_Directions for this task_
Extract the full listing verbatim and drop any pictures from your copy.

_Recorded data_
========

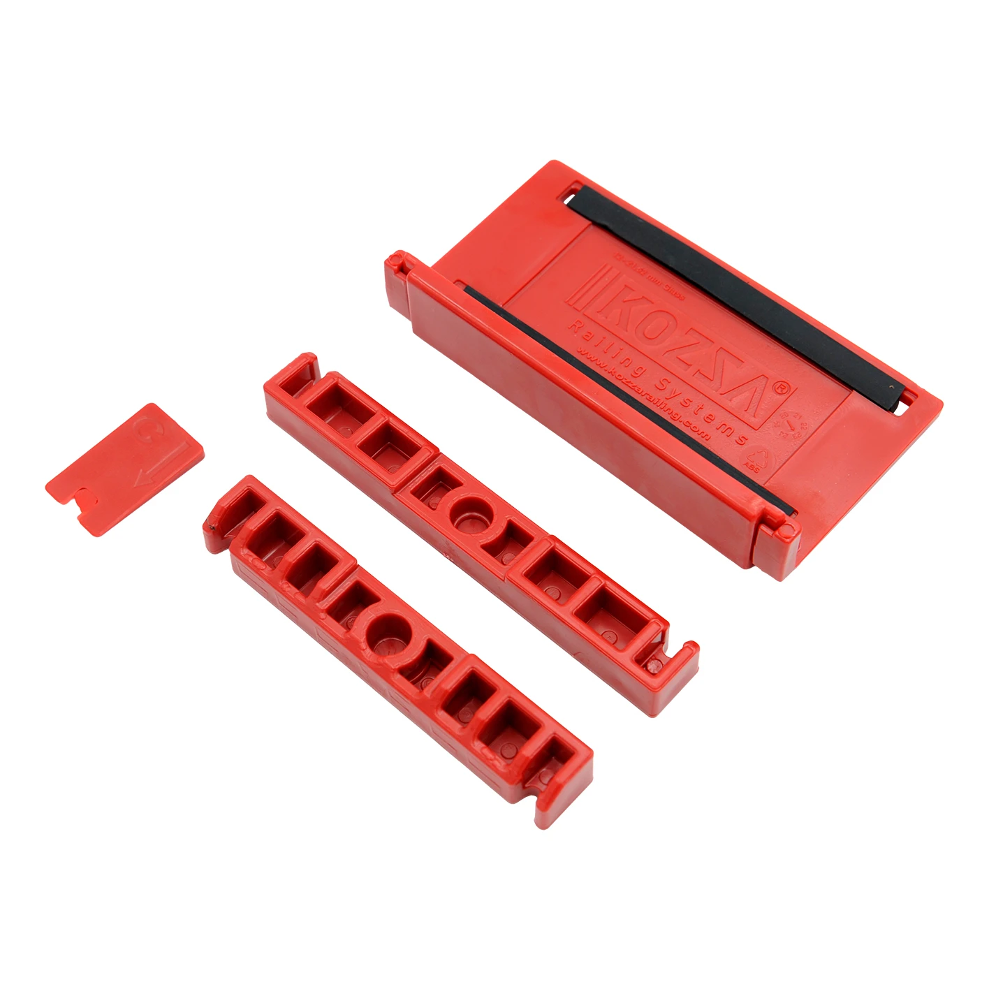 De set bevat speciale kunststof montage-elementen die zorgen voor een betrouwbare en herhaalbare positionering van het glas over de volledige lengte van het profiel. Elke set bestaat uit een hoofdstabilisatie-element, twee zijgeleiders en een borgclip — in totaal 20 sets per verpakking, voldoende voor een profiel van 5 meter lang.
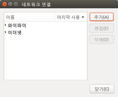먼저, 우측 상단에 위치한 네트워크 설정 부분의 “연결편집” 메뉴나 “가상 사설망 설정” 메뉴를 이용하면 아래와 같은 대화상자를 볼 수 있다.
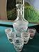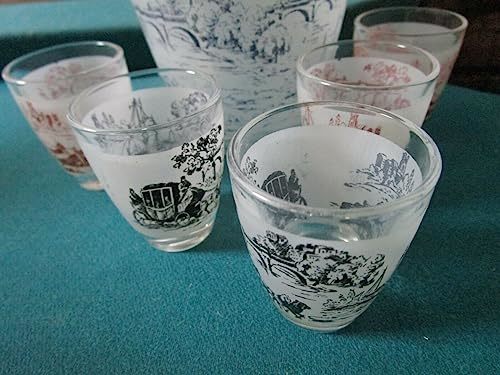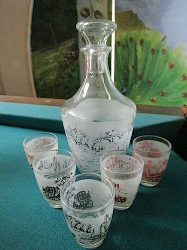 SHOT GLASSES MID CENTURY GOLD MADE IN FRANCE PICK 11- DECANTER AND 5 SHOT GLASSES, TRANSFERWARE SHIPS ON BODY DECOR, DECANTER IS 7", CUPS 2"
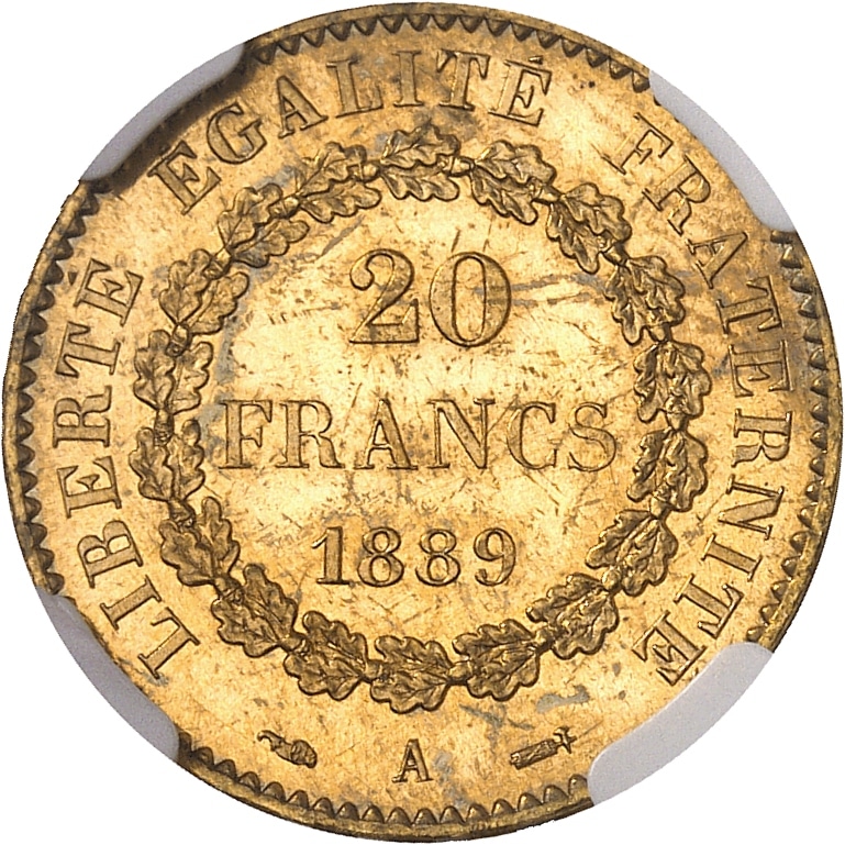 IIIe République (1870-1940). 20 francs Génie, Flan bruni (PROOF) 1889, A, Paris [SOUS FACULTÉ DE RÉUNION].

========

_Output of the exercise_
 De set bevat speciale kunststof montage-elementen die zorgen voor een betrouwbare en herhaalbare positionering van het glas over de volledige lengte van het profiel. Elke set bestaat uit een hoofdstabilisatie-element, twee zijgeleiders en een borgclip — in totaal 20 sets per verpakking, voldoende voor een profiel van 5 meter lang.
먼저, 우측 상단에 위치한 네트워크 설정 부분의 “연결편집” 메뉴나 “가상 사설망 설정” 메뉴를 이용하면 아래와 같은 대화상자를 볼 수 있다.
 SHOT GLASSES MID CENTURY GOLD MADE IN FRANCE PICK 11- DECANTER AND 5 SHOT GLASSES, TRANSFERWARE SHIPS ON BODY DECOR, DECANTER IS 7", CUPS 2"
 IIIe République (1870-1940). 20 francs Génie, Flan bruni (PROOF) 1889, A, Paris [SOUS FACULTÉ DE RÉUNION].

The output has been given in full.